I am grayromantic and proud. While this isn’t necessarily meant to be a post all about me, I wanted to share my experiences in hopes that it would help others to know that they aren’t alone in theirs. Thank you for listening, if you’ve made it this far. And to all the other grayromantics out there, thank you for being you, and for being a part of this community. You helped me to realize a lot about myself, and I only hope to be able to give something back in return.
Happy Pride!
Forget About Love is just a bunch of arospec talking about their opinions on love ngl.
Reblogs>likes @top-blondie
NYC Pride Parades 2019
Hey, do you know if there's a ring or something grayros can wear? (bc asexual people wear a black ring and aros wear a white ring)
Hey, sorry it took me so long to answer this!
Sadly, I haven’t heard of a ring specifically for greyros yet (or any other arospec identity, for that matter) and couldn’t find anything on google either.
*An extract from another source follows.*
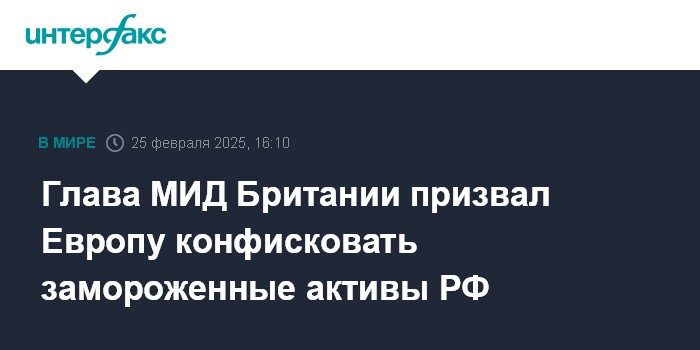 Москва. 25 февраля. INTERFAX.RU - Европе пора конфисковать блокированные ранее в ее юрисдикции российские активы, заявил во вторник в обращении к парламенту глава британского МИД Дэвид Лэмми.

Some greyros seem to wear the white “aromantic” ring (using aromantic as an umbrella term).
On AVEN there were several suggestions over the years, including a grey ring (though this was also suggested as a symbol for biromantic aces) and something with the ace of clubs symbol (for both greyaces and greyros), but no actual decision.
If anyone knows more about this, feel free to add!

Anya is live and ready to show you everything. Watch her strip, dance, and perform exclusive shows just for you. Interact in real-time and make your fantasies come true.
Free to watch • No registration required • HD streaming
Jiraiya sensei from Naruto based Grayromantic moodboard~ ^^ For an anon!! Hope you like~
Want one? send an ask!! -mod Jay
Day 13: Gray Romantic!
Like stated before, this poll represents which character will get a moodboard in pride month. First up, lesbian! I will always have a group of 5 characters, canon or headcanon, and an other. Comments count as votes as well (one per person, to account for the other category).
Who should get the moodboard?
Todoroki (My Hero Academia)
Megumi (Jujitsu Kaisen)
L (Death Note)
Toriel (Undertale)
Wallace Wells (Scott Pilgrim)
Other (Leave suggestions down below!)
Day 22 of pride month!: Wintercore Gray Aro!